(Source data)
-=-=-

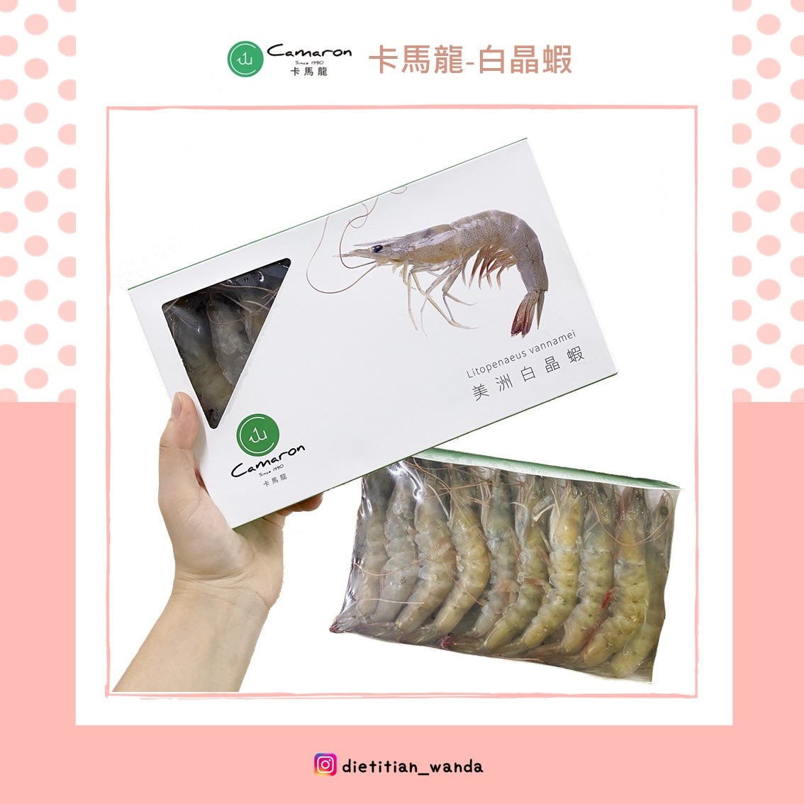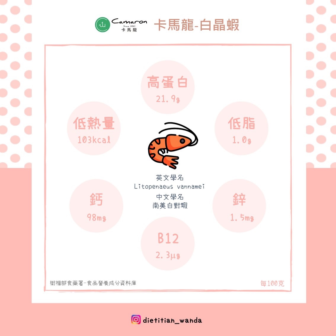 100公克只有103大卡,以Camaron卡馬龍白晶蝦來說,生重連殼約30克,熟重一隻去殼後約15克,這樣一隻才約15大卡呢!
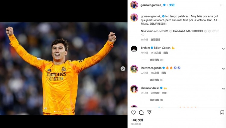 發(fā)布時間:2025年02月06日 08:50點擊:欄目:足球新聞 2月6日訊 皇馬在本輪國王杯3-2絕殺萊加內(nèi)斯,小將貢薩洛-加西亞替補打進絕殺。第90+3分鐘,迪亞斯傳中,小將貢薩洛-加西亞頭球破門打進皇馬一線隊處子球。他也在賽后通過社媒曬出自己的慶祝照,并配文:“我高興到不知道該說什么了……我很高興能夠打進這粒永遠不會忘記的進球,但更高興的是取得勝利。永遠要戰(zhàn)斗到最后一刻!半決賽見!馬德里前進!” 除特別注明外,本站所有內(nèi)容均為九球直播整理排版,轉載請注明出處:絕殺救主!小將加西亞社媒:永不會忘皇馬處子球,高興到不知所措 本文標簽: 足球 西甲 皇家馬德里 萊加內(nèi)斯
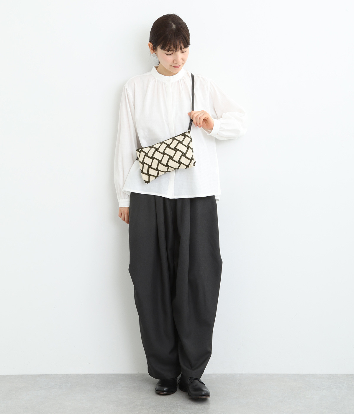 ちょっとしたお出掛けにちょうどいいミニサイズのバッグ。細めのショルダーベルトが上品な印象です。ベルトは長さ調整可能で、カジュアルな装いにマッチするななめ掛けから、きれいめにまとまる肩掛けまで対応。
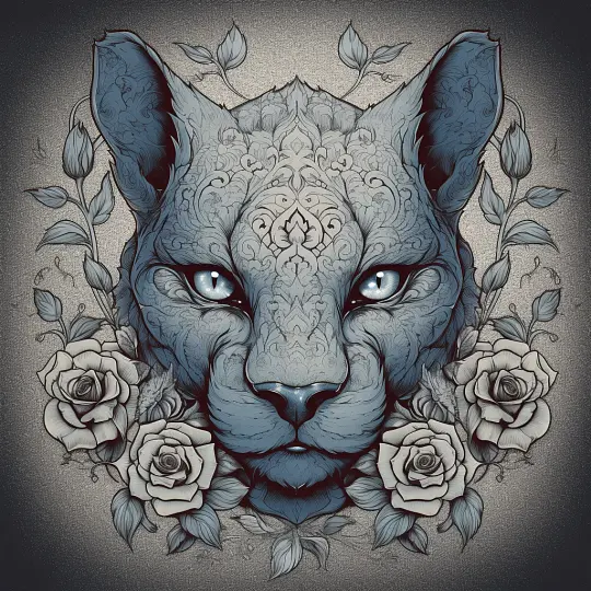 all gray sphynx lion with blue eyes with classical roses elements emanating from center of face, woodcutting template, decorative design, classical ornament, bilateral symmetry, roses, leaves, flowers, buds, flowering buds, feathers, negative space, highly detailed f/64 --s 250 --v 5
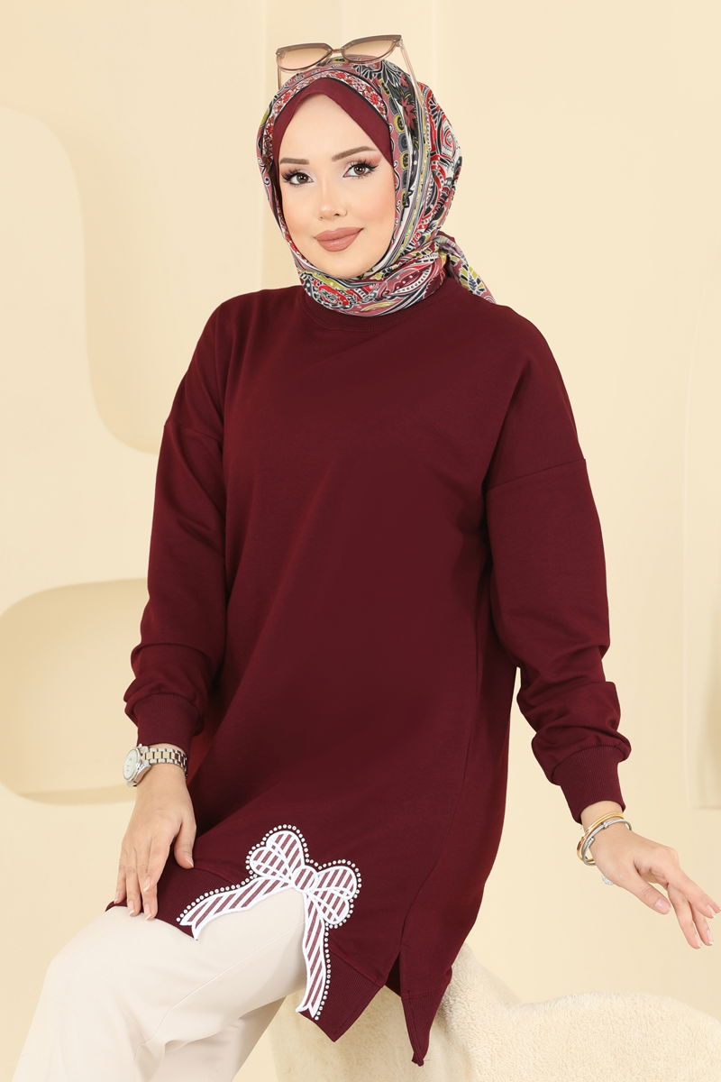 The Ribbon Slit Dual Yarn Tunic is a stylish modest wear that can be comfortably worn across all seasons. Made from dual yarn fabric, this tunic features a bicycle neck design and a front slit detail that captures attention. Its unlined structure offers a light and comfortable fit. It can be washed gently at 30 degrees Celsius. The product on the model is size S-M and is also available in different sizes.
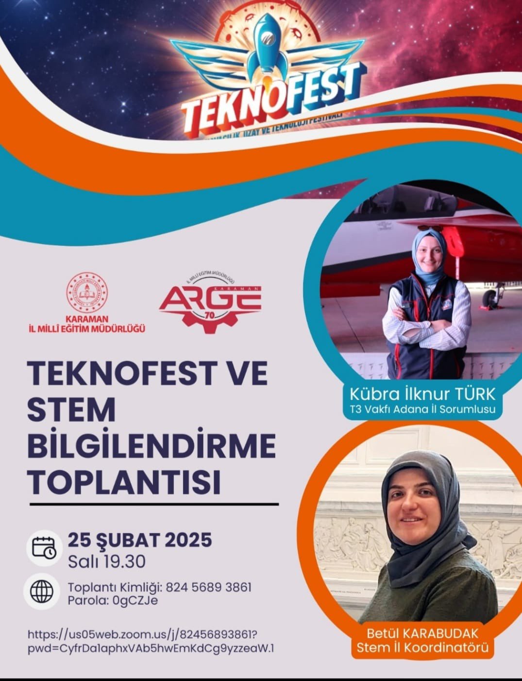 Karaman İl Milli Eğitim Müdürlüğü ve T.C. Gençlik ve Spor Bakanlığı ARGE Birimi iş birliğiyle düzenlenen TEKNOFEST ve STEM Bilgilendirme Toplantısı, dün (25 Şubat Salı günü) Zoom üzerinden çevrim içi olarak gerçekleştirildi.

-=-=-

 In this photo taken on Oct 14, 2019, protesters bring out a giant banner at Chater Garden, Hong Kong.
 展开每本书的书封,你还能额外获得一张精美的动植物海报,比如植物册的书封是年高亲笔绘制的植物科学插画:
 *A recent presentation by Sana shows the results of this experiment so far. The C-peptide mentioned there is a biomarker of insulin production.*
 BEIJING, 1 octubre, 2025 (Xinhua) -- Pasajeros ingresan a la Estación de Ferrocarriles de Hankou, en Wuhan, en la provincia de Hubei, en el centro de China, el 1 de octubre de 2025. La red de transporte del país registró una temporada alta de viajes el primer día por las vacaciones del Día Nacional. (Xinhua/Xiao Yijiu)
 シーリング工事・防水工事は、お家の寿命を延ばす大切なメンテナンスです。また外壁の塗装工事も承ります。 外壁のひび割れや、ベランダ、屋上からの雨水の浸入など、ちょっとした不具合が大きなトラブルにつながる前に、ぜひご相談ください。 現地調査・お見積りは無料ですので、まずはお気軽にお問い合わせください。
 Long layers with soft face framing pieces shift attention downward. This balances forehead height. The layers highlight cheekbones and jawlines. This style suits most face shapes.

-=-=-

* Exercise requirements *
Make an exact copy of the lines above, beginning with the line with "100公克只有103大卡,以" and ending with the line with "all gray sphynx", and keep the pictures out of it.

* Task response *
 100公克只有103大卡,以Camaron卡馬龍白晶蝦來說,生重連殼約30克,熟重一隻去殼後約15克,這樣一隻才約15大卡呢!
 發(fā)布時間:2025年02月06日 08:50點擊:欄目:足球新聞 2月6日訊 皇馬在本輪國王杯3-2絕殺萊加內(nèi)斯,小將貢薩洛-加西亞替補打進絕殺。第90+3分鐘,迪亞斯傳中,小將貢薩洛-加西亞頭球破門打進皇馬一線隊處子球。他也在賽后通過社媒曬出自己的慶祝照,并配文:“我高興到不知道該說什么了……我很高興能夠打進這粒永遠不會忘記的進球,但更高興的是取得勝利。永遠要戰(zhàn)斗到最后一刻!半決賽見!馬德里前進!” 除特別注明外,本站所有內(nèi)容均為九球直播整理排版,轉載請注明出處:絕殺救主!小將加西亞社媒:永不會忘皇馬處子球,高興到不知所措 本文標簽: 足球 西甲 皇家馬德里 萊加內(nèi)斯
 ちょっとしたお出掛けにちょうどいいミニサイズのバッグ。細めのショルダーベルトが上品な印象です。ベルトは長さ調整可能で、カジュアルな装いにマッチするななめ掛けから、きれいめにまとまる肩掛けまで対応。
 all gray sphynx lion with blue eyes with classical roses elements emanating from center of face, woodcutting template, decorative design, classical ornament, bilateral symmetry, roses, leaves, flowers, buds, flowering buds, feathers, negative space, highly detailed f/64 --s 250 --v 5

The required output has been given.